■ **WHAT YOU SHOULD DO**:
Look below for the line with "página do pagamento.", then repeat it and all lines after it, exactly, minus any pictures.
(SOURCE MATERIAL begins)
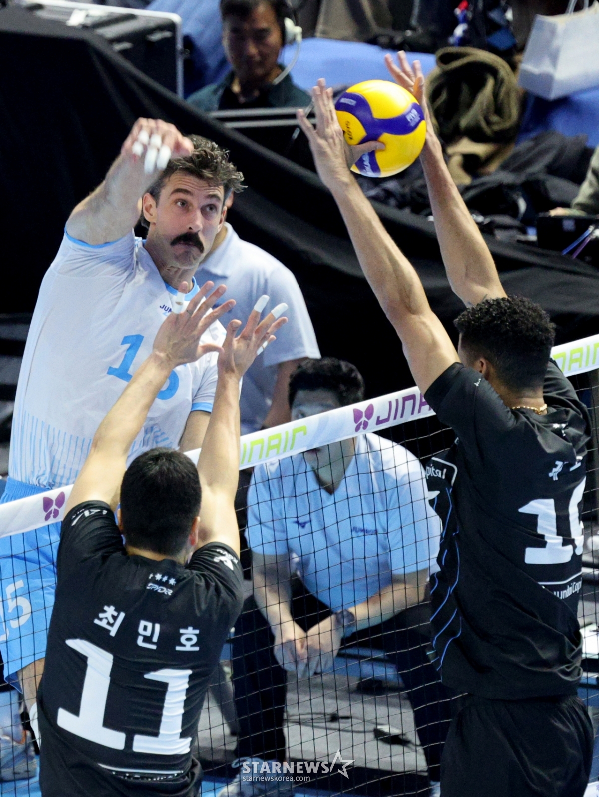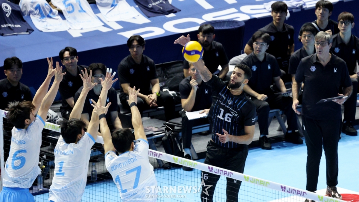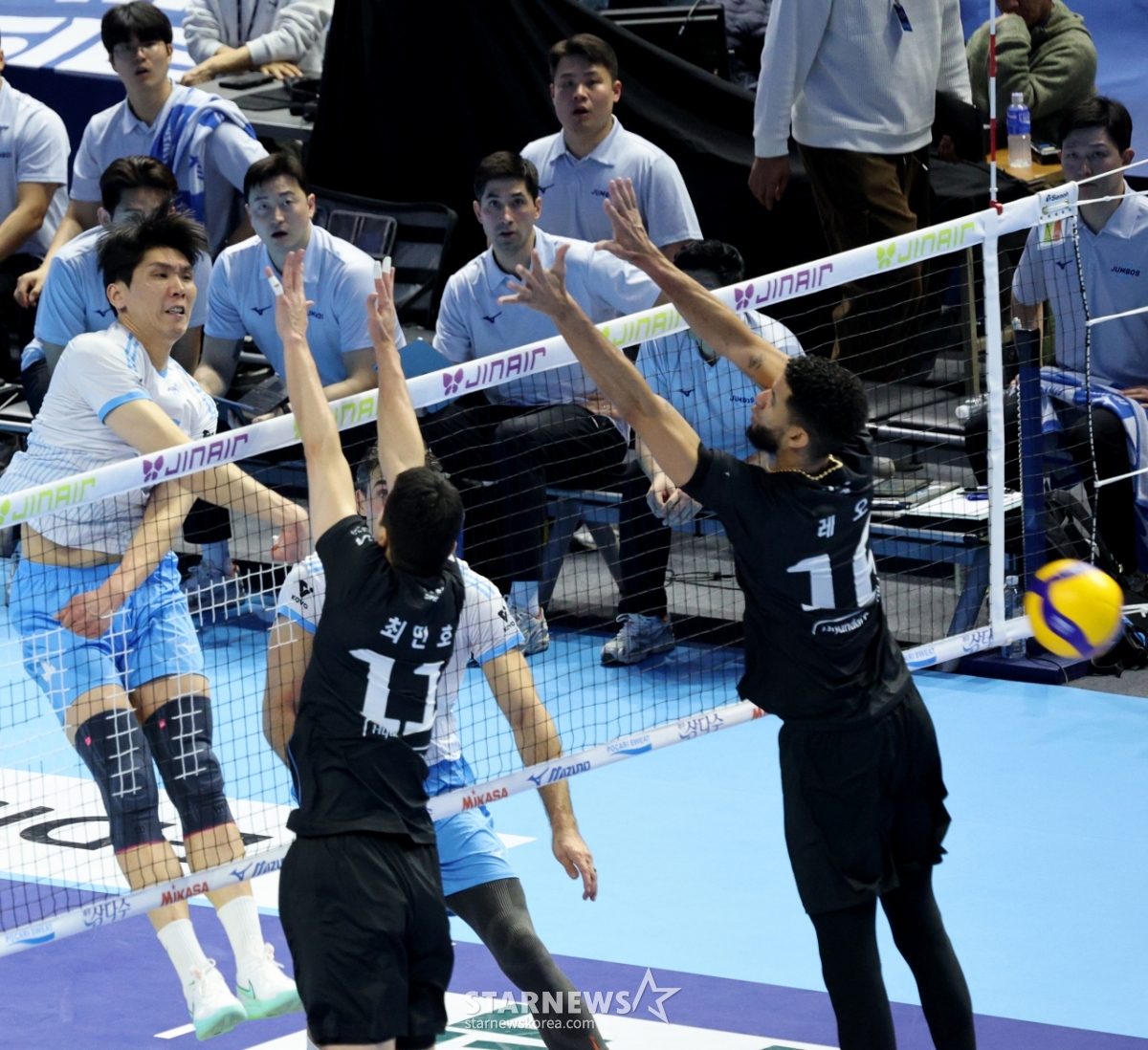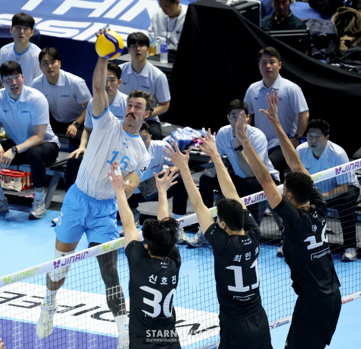 대한항공 러셀이 16일 계양체육관에서 열린 2025-2026 진에어 Vf리그 남자부 대한항공과 현대캐피탈의 경기에서 레오에 강타를 터트리고 있다. 2025.12.16.
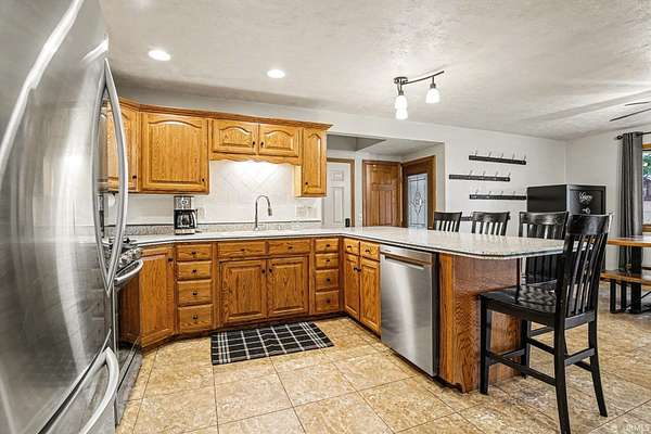 - Breakfast Bar, Ceiling Fan(s), Countertops-Solid Surf, Custom Cabinetry, Dishwasher, Dryer Hook Up Gas/Elec, Firepit, Garage Door Opener, Garage Utilities, Generator Ready, Patio Open, Range-Gas, Refrigerator, Sump Pump, Washer Hook-Up, Water Heater Gas, Water Softener-Owned, Workshop
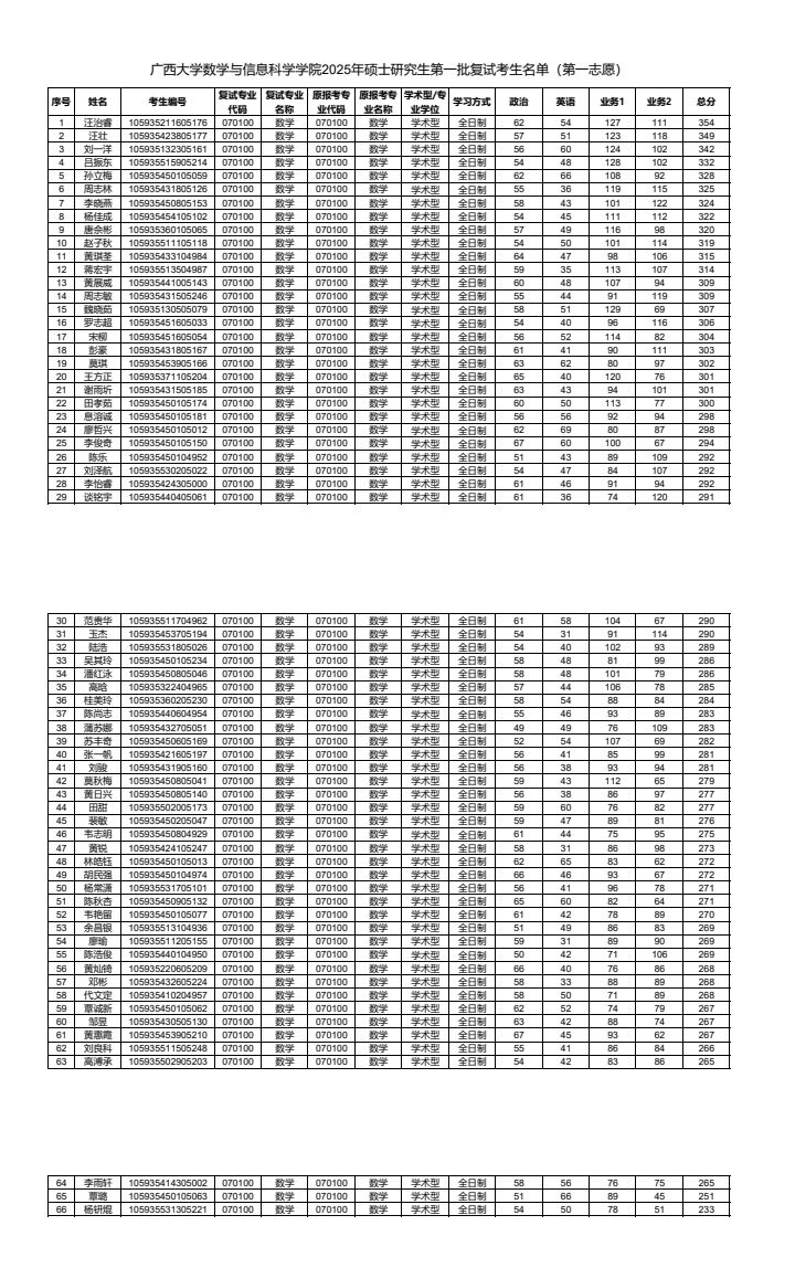 广西大学太阳集团2138网址,2138cc太阳集团官网入口2025年第一批硕士研究生复试成绩结果公示
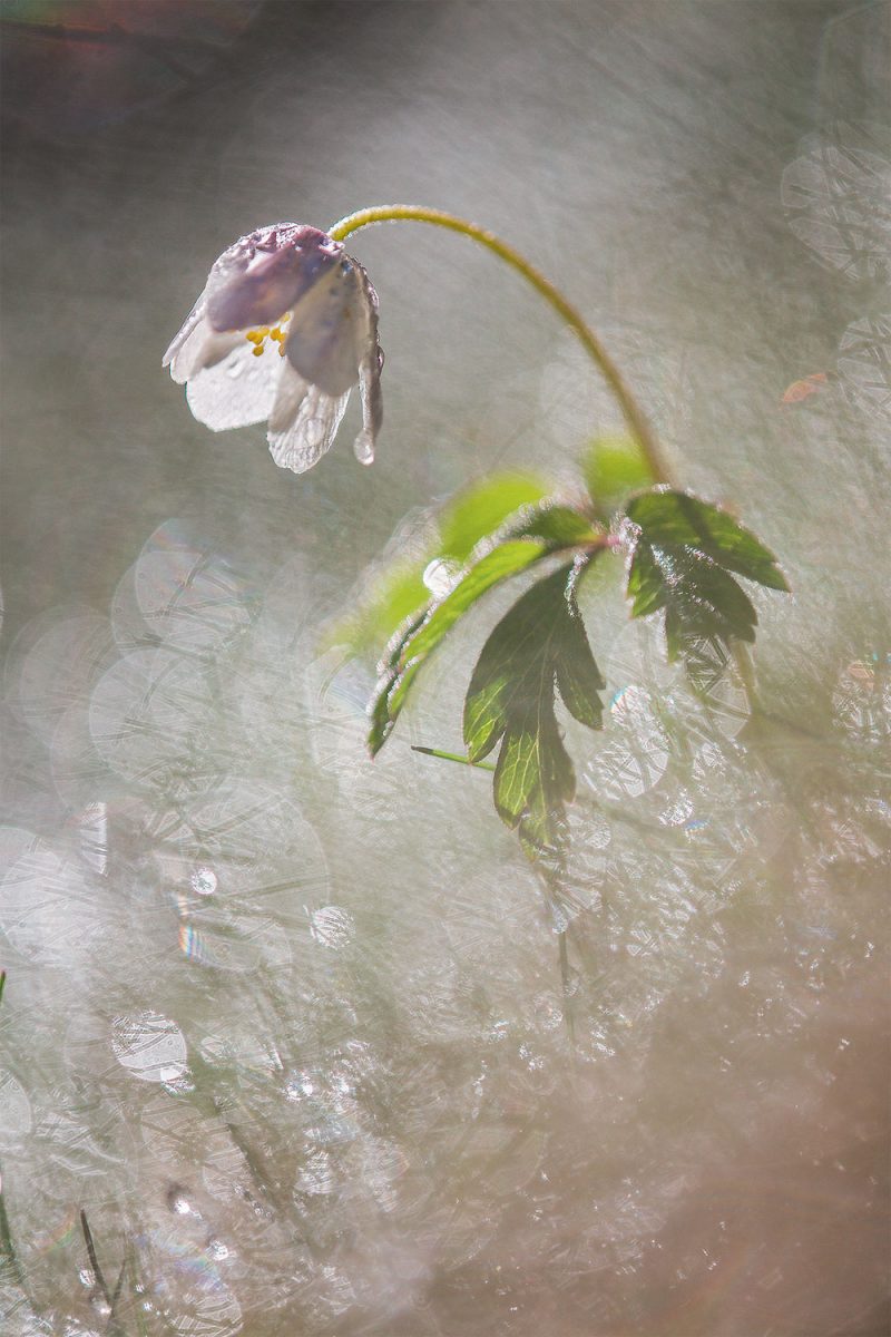 Curieuse impression d’être à la maison, alors que tout pourrait me paraître inhospitalier. Je passe la moitié de la nuit à me faire toute petite, à écouter les bruits des arbres, les oiseaux nocturnes parfois lointains, parfois tout proches, à surprendre une araignée funambule en chasse. La notion du temps n’est plus la même. Mon seul repère est l’inclinaison de la lune et sa lumière changeante sur les feuillages des arbres. Mes yeux habitués au noir sont captivés par les perce-neige qui tapissent ce lieu magique et reflètent la plus infime trace de lumière. J’ai l’impression d’être dans une forêt de lanternes magiques, s’agitant dans la brise comme pour signaler le début du printemps. Je me consacre à l’une d’entre elles. L’image se dessine toute seule, simplement, comme dans un rêve éveillé.
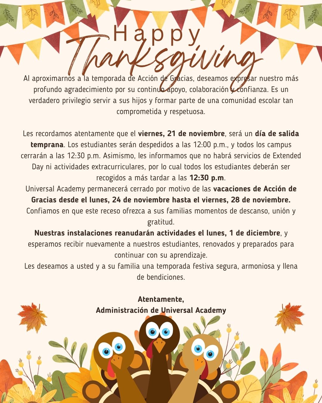 Nos gustaría recordarle que Universal Academy estará cerrada el lunes 17 de febrero de 2025 en conmemoración del Día del Presidente. Las clases se reanudarán el martes 18 de febrero a las 7:30 a.m.
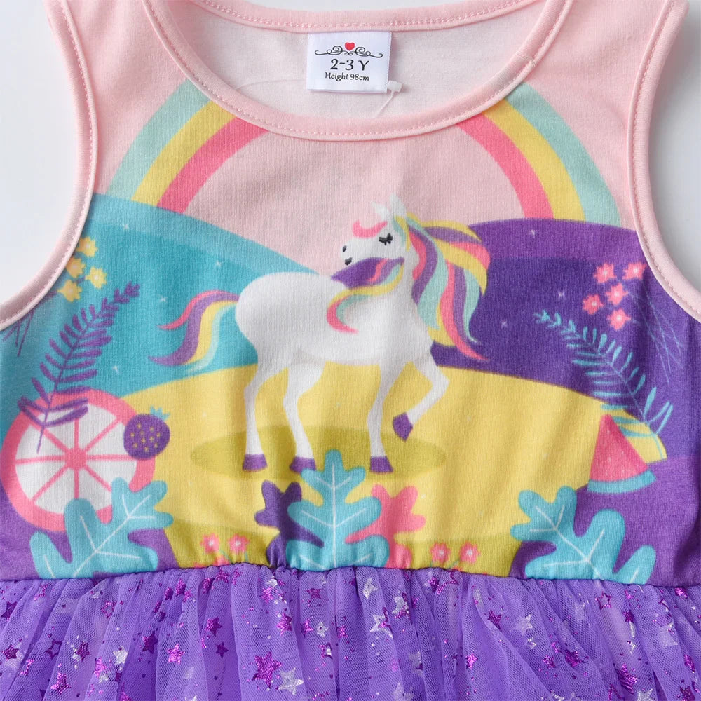 Girls Purple Unicorn Mesh Dress (Age 3-12YRS)
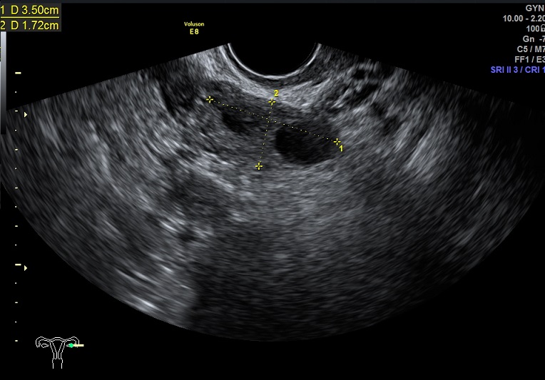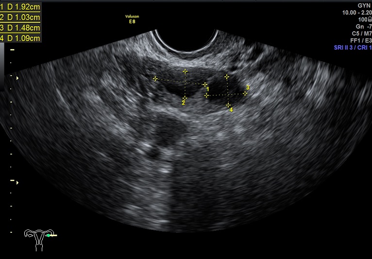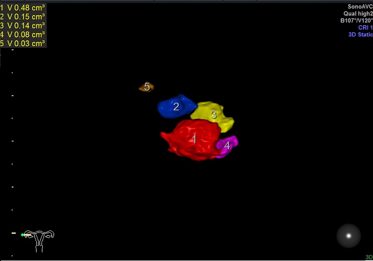 左卵巢: 大小3.5x2.0x1.7cm 体积:6.2 窦卵泡:无 左卵巢见两枚大卵泡:1.9x1.2x1.0cm、1.5x1.2x1.1cm 卵巢间质血流:9.8cm/s RI:0.49
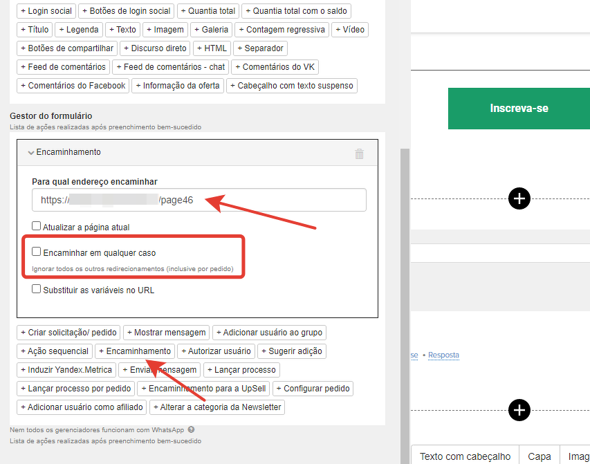 A função "Redirecionar em qualquer caso" é válida para o redirecionamento incondicional, por exemplo, no caso de realização de um pedido, o usuário será transportado para a página indicada, e não para a página do pagamento.
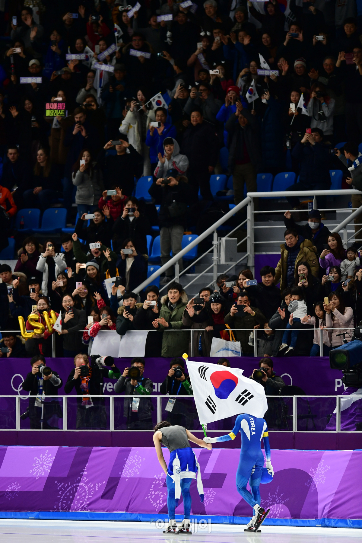 24일 강원도 강릉스피드스케이팅 경기장에서 열린 2018 평창동계올림픽 스피드스케이팅 남자 매스스타트 결승에서 금메달을 거머쥔 이승훈(왼쪽)과 8위를 차지한 정재원이 태극기를 휘날리며 트랙을 돌고 있다. 이동근 기자 foto@
(SOURCE MATERIAL ends)
■ **ANSWER FOR THIS EXERCISE**:
 A função "Redirecionar em qualquer caso" é válida para o redirecionamento incondicional, por exemplo, no caso de realização de um pedido, o usuário será transportado para a página indicada, e não para a página do pagamento.
 24일 강원도 강릉스피드스케이팅 경기장에서 열린 2018 평창동계올림픽 스피드스케이팅 남자 매스스타트 결승에서 금메달을 거머쥔 이승훈(왼쪽)과 8위를 차지한 정재원이 태극기를 휘날리며 트랙을 돌고 있다. 이동근 기자 foto@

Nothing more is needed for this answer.